What the task requires: Search the records below for the word "also", then return every line where it appears.
** Opening Exercise material block **
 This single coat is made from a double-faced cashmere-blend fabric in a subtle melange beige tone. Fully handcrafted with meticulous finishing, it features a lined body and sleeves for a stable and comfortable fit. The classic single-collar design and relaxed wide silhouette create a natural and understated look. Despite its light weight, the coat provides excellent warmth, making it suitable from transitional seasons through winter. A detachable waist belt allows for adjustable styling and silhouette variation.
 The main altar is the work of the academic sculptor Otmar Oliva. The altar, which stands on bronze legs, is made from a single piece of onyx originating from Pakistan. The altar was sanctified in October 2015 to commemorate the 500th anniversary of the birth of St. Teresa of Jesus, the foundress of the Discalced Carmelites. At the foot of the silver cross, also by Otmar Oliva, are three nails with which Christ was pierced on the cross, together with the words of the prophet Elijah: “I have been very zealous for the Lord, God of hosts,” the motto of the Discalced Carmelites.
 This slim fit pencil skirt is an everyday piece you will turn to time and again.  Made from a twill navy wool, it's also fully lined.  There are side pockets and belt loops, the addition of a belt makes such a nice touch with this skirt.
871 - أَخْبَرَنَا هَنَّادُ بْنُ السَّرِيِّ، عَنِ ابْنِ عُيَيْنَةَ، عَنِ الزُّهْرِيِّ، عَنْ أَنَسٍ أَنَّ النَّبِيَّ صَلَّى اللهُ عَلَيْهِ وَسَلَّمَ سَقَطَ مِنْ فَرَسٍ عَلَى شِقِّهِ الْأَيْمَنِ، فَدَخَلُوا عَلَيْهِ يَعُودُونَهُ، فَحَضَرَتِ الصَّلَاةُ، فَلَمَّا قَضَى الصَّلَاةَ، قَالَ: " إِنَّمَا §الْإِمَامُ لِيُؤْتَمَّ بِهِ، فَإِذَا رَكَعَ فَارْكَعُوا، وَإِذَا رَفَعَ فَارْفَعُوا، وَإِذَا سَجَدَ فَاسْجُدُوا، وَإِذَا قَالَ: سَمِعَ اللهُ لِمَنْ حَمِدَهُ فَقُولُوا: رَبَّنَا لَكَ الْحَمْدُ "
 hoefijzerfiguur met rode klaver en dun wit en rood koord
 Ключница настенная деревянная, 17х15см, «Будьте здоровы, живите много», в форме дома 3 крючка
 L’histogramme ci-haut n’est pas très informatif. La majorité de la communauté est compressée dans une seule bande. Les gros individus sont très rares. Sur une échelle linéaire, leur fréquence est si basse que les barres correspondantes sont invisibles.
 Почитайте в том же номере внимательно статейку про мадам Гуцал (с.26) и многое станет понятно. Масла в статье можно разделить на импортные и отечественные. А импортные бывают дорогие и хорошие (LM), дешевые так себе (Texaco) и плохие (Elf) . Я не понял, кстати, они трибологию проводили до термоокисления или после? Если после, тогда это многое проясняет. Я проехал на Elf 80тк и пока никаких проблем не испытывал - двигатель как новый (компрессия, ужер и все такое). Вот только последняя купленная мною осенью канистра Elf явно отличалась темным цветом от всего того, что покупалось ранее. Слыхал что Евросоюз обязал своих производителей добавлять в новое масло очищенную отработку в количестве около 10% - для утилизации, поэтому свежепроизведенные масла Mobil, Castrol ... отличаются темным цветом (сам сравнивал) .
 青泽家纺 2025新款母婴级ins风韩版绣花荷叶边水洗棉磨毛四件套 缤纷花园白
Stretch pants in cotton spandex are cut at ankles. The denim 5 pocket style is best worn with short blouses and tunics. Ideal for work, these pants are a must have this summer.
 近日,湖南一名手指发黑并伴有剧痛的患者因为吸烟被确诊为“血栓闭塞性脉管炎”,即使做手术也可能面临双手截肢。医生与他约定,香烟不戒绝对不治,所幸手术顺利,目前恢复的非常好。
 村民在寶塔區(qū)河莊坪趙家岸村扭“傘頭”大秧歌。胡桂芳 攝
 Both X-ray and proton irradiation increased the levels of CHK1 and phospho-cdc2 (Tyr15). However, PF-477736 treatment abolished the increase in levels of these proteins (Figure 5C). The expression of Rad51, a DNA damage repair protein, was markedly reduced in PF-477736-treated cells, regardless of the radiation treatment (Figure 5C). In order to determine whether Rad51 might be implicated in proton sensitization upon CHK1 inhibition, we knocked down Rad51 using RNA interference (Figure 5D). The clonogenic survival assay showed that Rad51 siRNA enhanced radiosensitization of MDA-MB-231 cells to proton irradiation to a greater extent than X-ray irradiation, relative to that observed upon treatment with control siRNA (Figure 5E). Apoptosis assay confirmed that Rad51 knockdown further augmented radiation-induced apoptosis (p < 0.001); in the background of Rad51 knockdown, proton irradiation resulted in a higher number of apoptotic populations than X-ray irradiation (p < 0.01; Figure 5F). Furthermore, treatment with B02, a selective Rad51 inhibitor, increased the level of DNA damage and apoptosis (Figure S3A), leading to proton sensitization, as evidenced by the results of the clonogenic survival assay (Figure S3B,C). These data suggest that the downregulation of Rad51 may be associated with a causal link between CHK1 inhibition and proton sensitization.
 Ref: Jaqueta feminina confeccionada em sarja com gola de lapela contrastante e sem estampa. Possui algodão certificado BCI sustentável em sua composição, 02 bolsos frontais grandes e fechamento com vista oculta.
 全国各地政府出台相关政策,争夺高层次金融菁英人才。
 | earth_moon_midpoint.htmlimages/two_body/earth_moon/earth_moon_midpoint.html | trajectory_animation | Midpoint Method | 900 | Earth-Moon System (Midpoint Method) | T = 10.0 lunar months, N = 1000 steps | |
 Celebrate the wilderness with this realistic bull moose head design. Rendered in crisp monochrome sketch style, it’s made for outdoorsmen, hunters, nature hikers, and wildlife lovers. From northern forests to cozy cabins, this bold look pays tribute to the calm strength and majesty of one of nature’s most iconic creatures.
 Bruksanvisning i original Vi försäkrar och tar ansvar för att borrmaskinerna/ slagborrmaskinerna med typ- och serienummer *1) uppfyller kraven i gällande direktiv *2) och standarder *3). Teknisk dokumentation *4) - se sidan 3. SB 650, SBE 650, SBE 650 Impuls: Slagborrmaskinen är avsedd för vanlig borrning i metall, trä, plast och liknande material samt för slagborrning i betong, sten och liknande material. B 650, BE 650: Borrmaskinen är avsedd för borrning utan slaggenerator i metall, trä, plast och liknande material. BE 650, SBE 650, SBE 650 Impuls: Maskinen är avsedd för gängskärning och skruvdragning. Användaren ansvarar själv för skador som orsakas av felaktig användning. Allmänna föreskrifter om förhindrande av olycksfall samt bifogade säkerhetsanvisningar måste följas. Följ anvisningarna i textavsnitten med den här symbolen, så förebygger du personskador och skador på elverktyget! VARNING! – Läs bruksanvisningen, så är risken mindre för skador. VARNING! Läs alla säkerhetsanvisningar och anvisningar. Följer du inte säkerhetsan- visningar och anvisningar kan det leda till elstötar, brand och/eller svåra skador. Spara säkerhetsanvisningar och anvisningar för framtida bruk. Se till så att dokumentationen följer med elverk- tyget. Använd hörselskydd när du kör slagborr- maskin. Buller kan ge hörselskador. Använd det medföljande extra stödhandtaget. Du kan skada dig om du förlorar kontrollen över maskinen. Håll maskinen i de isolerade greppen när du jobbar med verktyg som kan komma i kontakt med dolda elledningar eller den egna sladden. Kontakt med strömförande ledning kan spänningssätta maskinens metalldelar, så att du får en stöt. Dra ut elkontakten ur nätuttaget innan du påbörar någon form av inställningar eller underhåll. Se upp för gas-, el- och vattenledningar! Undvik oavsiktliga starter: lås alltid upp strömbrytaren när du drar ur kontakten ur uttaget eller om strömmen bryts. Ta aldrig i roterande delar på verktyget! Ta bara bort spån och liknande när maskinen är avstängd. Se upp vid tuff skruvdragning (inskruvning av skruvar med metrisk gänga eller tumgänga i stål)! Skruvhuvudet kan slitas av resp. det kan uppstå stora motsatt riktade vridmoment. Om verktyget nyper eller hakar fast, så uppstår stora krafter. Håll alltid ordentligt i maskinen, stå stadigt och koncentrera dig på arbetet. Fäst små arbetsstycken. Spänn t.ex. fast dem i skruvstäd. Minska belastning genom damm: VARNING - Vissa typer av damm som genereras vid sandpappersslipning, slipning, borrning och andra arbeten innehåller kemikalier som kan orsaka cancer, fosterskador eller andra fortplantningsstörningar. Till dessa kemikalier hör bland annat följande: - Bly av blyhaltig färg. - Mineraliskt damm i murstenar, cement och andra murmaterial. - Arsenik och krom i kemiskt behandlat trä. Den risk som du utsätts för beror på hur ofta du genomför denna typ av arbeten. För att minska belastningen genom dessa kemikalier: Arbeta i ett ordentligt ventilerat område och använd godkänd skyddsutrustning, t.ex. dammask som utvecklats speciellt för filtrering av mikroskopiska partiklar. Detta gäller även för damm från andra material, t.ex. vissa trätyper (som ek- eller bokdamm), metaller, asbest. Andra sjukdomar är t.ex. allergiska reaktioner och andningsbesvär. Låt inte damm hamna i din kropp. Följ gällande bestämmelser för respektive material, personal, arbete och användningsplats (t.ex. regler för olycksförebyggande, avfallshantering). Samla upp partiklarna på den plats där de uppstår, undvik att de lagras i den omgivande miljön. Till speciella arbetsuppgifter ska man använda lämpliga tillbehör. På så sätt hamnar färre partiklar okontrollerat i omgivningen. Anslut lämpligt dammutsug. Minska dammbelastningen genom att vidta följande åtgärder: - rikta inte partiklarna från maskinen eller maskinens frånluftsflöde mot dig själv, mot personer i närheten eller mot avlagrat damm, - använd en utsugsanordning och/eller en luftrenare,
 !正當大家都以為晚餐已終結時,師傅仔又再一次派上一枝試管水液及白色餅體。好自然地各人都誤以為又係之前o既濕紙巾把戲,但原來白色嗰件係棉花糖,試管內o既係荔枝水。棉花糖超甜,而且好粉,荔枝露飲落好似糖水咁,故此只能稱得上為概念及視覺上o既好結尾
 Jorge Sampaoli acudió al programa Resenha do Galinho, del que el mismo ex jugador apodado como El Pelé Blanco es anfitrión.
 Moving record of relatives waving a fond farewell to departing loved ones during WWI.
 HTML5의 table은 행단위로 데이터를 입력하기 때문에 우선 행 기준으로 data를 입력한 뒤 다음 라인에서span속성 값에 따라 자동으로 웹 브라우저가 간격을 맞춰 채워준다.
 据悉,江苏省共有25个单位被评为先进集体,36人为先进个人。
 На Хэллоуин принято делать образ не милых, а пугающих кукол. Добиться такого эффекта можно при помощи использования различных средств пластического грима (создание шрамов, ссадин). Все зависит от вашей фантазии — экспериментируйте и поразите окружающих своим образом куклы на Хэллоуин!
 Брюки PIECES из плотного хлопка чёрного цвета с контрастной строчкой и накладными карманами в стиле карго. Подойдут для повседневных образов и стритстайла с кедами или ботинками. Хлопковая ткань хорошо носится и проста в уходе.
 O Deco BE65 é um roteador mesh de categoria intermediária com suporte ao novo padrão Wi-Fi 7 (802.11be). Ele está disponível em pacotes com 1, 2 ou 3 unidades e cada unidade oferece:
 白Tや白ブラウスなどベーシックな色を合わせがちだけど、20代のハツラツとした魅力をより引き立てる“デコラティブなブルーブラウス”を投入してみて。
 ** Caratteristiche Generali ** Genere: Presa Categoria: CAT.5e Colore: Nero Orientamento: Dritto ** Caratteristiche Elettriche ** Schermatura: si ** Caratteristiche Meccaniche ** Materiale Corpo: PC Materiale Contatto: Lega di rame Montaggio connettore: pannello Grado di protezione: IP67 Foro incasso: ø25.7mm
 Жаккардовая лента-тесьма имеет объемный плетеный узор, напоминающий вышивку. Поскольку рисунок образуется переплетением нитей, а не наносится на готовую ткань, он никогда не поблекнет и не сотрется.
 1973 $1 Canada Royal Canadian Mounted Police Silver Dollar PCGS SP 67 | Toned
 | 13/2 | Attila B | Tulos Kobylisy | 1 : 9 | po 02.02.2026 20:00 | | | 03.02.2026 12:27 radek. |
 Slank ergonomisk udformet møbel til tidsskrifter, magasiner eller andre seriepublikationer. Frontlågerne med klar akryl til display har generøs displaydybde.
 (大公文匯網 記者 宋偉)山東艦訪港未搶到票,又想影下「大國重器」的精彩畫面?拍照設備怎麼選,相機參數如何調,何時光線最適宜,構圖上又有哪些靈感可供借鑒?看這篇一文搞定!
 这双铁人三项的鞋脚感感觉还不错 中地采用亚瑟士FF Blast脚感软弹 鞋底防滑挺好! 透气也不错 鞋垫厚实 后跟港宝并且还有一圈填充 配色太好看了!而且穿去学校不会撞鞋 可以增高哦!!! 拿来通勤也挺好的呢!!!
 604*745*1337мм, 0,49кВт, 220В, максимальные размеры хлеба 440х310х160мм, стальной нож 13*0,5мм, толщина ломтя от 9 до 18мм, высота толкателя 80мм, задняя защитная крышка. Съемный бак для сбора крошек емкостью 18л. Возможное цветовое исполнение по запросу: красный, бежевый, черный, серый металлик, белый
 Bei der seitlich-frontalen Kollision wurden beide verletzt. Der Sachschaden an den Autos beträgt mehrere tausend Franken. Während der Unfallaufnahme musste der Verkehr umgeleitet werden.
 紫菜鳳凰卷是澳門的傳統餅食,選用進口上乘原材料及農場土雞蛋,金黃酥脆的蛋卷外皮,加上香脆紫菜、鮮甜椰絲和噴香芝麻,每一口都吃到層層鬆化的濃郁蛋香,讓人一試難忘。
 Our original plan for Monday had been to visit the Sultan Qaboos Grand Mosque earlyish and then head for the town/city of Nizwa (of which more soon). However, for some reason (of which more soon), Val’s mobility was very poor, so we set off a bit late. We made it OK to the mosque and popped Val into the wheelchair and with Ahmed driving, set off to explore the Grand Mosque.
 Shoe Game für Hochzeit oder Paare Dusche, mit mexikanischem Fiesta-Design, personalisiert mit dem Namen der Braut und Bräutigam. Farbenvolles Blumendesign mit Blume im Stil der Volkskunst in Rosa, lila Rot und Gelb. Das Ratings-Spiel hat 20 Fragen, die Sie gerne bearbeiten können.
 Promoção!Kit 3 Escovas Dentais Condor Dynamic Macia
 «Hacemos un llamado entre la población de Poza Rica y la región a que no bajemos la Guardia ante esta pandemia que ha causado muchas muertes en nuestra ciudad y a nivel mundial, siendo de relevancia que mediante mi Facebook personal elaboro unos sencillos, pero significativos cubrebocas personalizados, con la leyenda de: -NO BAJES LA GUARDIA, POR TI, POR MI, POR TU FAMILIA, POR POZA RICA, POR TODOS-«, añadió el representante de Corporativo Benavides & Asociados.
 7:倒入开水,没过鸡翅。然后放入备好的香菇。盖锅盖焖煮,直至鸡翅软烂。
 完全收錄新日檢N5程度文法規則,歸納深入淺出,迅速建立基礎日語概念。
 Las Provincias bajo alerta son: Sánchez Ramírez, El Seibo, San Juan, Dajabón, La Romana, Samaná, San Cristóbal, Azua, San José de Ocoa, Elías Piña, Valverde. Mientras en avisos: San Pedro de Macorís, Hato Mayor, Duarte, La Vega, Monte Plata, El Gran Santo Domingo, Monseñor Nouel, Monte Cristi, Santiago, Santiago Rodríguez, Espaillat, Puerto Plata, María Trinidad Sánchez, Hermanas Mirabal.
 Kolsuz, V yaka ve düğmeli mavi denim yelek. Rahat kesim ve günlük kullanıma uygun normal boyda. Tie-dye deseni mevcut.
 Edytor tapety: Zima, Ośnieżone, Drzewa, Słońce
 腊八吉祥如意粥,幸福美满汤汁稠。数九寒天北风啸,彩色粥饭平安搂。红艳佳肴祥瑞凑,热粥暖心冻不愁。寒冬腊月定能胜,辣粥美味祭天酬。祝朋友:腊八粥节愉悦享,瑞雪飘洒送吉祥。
** Closing Exercise material block **
Written answer:
 The main altar is the work of the academic sculptor Otmar Oliva. The altar, which stands on bronze legs, is made from a single piece of onyx originating from Pakistan. The altar was sanctified in October 2015 to commemorate the 500th anniversary of the birth of St. Teresa of Jesus, the foundress of the Discalced Carmelites. At the foot of the silver cross, also by Otmar Oliva, are three nails with which Christ was pierced on the cross, together with the words of the prophet Elijah: “I have been very zealous for the Lord, God of hosts,” the motto of the Discalced Carmelites.
 This slim fit pencil skirt is an everyday piece you will turn to time and again.  Made from a twill navy wool, it's also fully lined.  There are side pockets and belt loops, the addition of a belt makes such a nice touch with this skirt.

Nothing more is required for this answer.